Task instructions >>
Your answer should be only the lines below from the one with "В статье рассматривается" to the one with "会议分四个阶段,首先由母治平", repeated exactly, ends included.

Supplied data >>
_ _ _ _ _ _ _

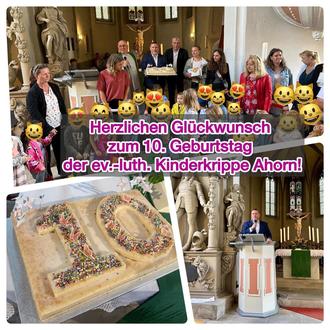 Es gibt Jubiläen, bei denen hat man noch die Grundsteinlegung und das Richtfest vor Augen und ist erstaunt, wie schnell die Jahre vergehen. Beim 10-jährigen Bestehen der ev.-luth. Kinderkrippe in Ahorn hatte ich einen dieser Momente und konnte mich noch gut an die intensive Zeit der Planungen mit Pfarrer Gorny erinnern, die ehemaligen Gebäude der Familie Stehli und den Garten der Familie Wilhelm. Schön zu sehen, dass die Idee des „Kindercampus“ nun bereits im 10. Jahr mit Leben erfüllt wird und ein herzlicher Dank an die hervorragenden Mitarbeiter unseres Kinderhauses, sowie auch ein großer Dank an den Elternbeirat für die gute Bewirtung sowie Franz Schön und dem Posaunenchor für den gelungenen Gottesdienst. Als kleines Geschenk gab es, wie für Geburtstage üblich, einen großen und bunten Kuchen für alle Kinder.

_ _ _ _ _ _ _

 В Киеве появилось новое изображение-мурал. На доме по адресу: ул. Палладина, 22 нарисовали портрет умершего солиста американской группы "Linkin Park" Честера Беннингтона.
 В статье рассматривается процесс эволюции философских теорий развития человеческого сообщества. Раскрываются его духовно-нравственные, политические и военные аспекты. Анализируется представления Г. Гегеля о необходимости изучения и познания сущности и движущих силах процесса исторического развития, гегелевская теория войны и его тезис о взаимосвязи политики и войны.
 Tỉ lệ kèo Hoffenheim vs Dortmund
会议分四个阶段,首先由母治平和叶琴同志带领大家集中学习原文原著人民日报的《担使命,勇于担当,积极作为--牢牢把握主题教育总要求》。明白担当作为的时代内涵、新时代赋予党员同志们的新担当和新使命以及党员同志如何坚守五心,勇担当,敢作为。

_ _ _ _ _ _ _

Result below >>
 В статье рассматривается процесс эволюции философских теорий развития человеческого сообщества. Раскрываются его духовно-нравственные, политические и военные аспекты. Анализируется представления Г. Гегеля о необходимости изучения и познания сущности и движущих силах процесса исторического развития, гегелевская теория войны и его тезис о взаимосвязи политики и войны.
 Tỉ lệ kèo Hoffenheim vs Dortmund
会议分四个阶段,首先由母治平和叶琴同志带领大家集中学习原文原著人民日报的《担使命,勇于担当,积极作为--牢牢把握主题教育总要求》。明白担当作为的时代内涵、新时代赋予党员同志们的新担当和新使命以及党员同志如何坚守五心,勇担当,敢作为。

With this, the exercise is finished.